== WHAT IS BEING ASKED ==
The expected answer is the full listing, repeated exactly and free of images.

== GIVEN INFORMATION ==
######
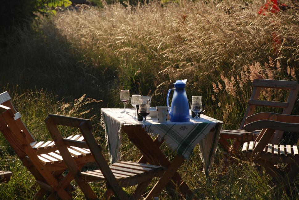 Vi gick en sväng på byn och kom tillbaks till dukat bord i kvällssol. Det blev ett par glas vin till innan det var dags för disk.
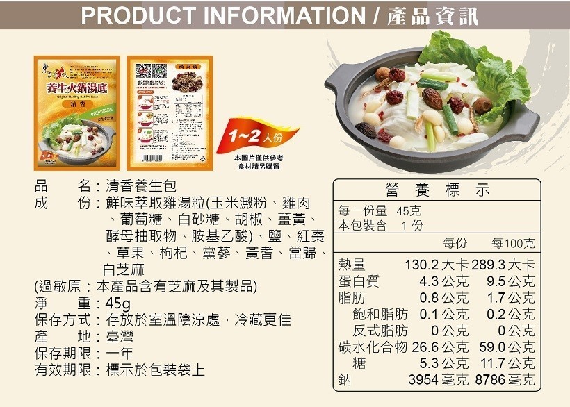 品名:東方韻味清香鍋湯底
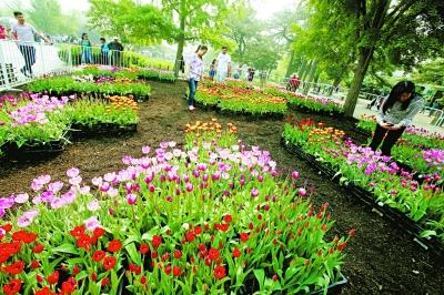 昨天,由五種顏色萬余株郁金香組成的百米花毯在北京植物園展出,這是國內首例郁金香花毯。
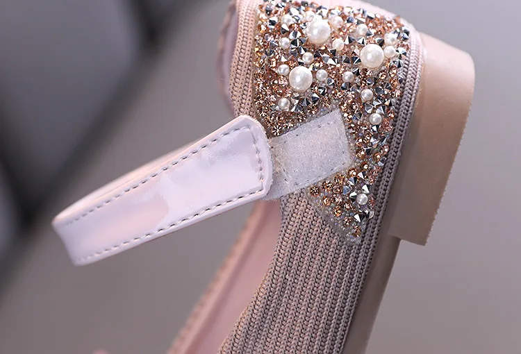 Сандалии для маленьких девочек, без застежки, с жемчужинами, криста...
######
== RESULT BELOW ==
 Vi gick en sväng på byn och kom tillbaks till dukat bord i kvällssol. Det blev ett par glas vin till innan det var dags för disk.
 品名:東方韻味清香鍋湯底
 昨天,由五種顏色萬余株郁金香組成的百米花毯在北京植物園展出,這是國內首例郁金香花毯。
 Сандалии для маленьких девочек, без застежки, с жемчужинами, криста...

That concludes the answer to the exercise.